◆ TASK DESCRIPTION:
Look below for the line with "Tecnogear våddragt og" and the line with "圖6所示為鋰離子電池充電器的"; repeat exactly those two lines and all lines between them, but no pictures.

◆ DATA EXTRACTS:

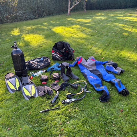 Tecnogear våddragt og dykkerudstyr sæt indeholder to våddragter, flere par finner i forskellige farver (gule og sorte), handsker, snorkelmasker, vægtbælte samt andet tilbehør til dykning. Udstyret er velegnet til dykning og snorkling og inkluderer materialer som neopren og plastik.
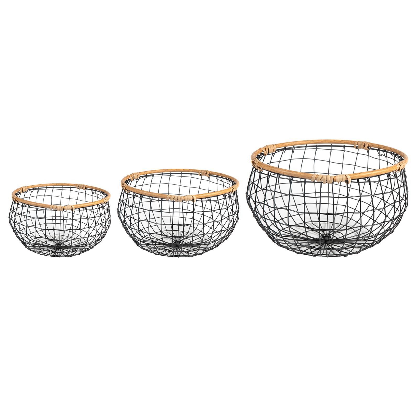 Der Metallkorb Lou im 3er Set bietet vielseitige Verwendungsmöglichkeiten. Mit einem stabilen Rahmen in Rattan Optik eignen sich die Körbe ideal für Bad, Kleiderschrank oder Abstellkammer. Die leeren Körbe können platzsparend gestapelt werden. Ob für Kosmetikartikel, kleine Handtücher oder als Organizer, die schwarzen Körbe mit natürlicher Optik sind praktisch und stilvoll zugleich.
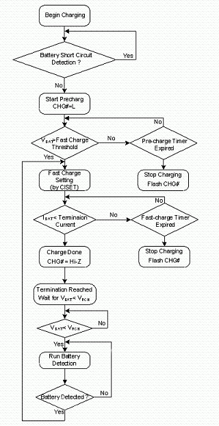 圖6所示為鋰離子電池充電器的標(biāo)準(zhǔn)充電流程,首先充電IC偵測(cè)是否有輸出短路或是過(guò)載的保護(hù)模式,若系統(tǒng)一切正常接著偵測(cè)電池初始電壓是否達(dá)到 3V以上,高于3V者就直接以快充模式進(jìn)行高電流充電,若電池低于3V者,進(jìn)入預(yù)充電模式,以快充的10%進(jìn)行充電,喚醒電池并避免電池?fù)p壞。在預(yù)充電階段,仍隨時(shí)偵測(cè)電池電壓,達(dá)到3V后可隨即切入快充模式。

==

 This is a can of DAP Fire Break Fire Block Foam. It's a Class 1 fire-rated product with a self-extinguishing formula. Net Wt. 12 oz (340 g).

--

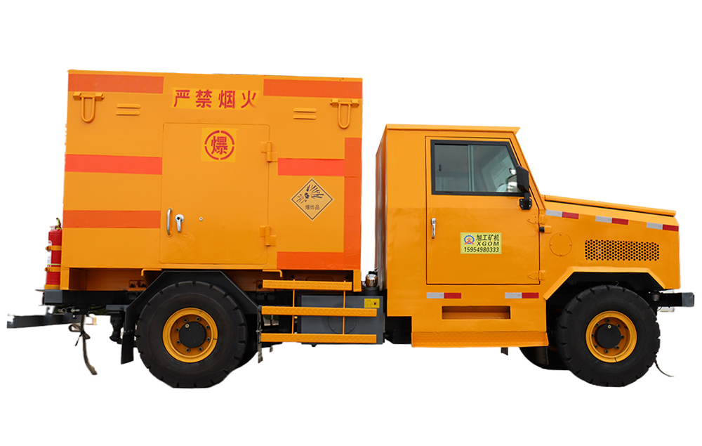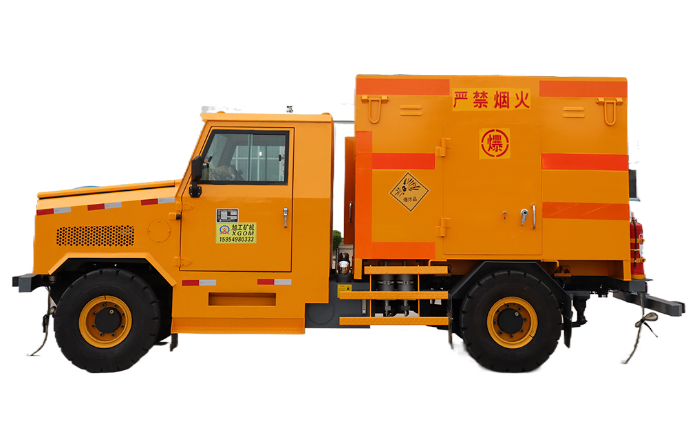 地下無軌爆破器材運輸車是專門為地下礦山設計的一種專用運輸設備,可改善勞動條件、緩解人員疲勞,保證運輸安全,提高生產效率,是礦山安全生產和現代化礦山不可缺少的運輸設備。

◆ REPLY:
 Tecnogear våddragt og dykkerudstyr sæt indeholder to våddragter, flere par finner i forskellige farver (gule og sorte), handsker, snorkelmasker, vægtbælte samt andet tilbehør til dykning. Udstyret er velegnet til dykning og snorkling og inkluderer materialer som neopren og plastik.
 Der Metallkorb Lou im 3er Set bietet vielseitige Verwendungsmöglichkeiten. Mit einem stabilen Rahmen in Rattan Optik eignen sich die Körbe ideal für Bad, Kleiderschrank oder Abstellkammer. Die leeren Körbe können platzsparend gestapelt werden. Ob für Kosmetikartikel, kleine Handtücher oder als Organizer, die schwarzen Körbe mit natürlicher Optik sind praktisch und stilvoll zugleich.
 圖6所示為鋰離子電池充電器的標(biāo)準(zhǔn)充電流程,首先充電IC偵測(cè)是否有輸出短路或是過(guò)載的保護(hù)模式,若系統(tǒng)一切正常接著偵測(cè)電池初始電壓是否達(dá)到 3V以上,高于3V者就直接以快充模式進(jìn)行高電流充電,若電池低于3V者,進(jìn)入預(yù)充電模式,以快充的10%進(jìn)行充電,喚醒電池并避免電池?fù)p壞。在預(yù)充電階段,仍隨時(shí)偵測(cè)電池電壓,達(dá)到3V后可隨即切入快充模式。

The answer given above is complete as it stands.